Manufacturing automation has become increasingly important as the need to remain high throughput increases. In manufacturing of a product, many processes may be needed. For example, semiconductor manufacturing may include over 400 processing steps involving more than 100 different tools. Furthermore, the process route can include a high level of reentrance in which the same tool or tool types are used. An important aspect in manufacturing automation is material handling. To facilitate material handling, automated transport systems are employed.
Conventional automated transport systems are used in, for example, a semiconductor manufacturing plant typically comprises a plurality of bays. Each bay includes a plurality of tools which are used to process wafers. Transport vehicles, such as overhead transport (OHT) are provided for automatic transfer of wafers contained in a carrier. A stocker which temporarily stores carriers is provided for each bay. A transport system controller controls the movement of carriers within a bay or between bays.
FIG. 1 shows the material flow of a conventional manufacturing facility having an automated transport system. At step 105, a manufacturing execution system (MES) polls the tools sequentially within a bay. The polling is achieved with a “watchdog”. The MES can have multiple watchdogs, which each monitoring a respective group of tools.

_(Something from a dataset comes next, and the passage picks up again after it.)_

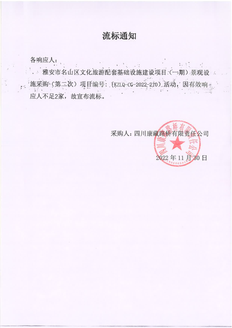 四川康藏路橋有限責(zé)任公司雅安市名山區(qū)文化旅游配套基礎(chǔ)設(shè)施建設(shè)項目(一期)景觀設(shè)施采購(第二次)流標(biāo)通知

For example, each watchdog will monitor a certain number of tools, such as 10. The watchdog will go and check the status of the 10 tools to see whether a tool requires an OHT for carrier delivery or pickup. When a tool has a status which indicates that it requires the services of the automated transport system, it can be either to process another lot (A) or to pick up a processed lot (B). In the case where another lot is to be processed, the MES instructs the automated transport system to dispatch a vehicle to the stocker to retrieve a lot at step 115. The vehicle delivers the retrieved lot to the tool for processing at step 125. A situation may occur where the lot to be processed is located in a stocker of another bay. For such situation, the controller dispatches a vehicle in the main bay to retrieve the lot at step 155 and delivers it to the appropriate bay at step 165. Once the lot is in the appropriate bay, the process proceeds as in A. On the other hand, when a processed lot is to be picked up, the controller dispatches a vehicle to the tool. The vehicle retrieves the processed lot from the tool at step 135 and delivers it to the stocker at step 145. According to conventional automated transport systems, at least one stocker is necessary to serve as an intermediary.
The typical cycle time (e.g., time period from the process completion of a first lot to the arrival of a second lot for processing) of conventional automation system is greater than 11 minutes. It is desirable to increase manufacturing productivity of automation system by improving cycle time.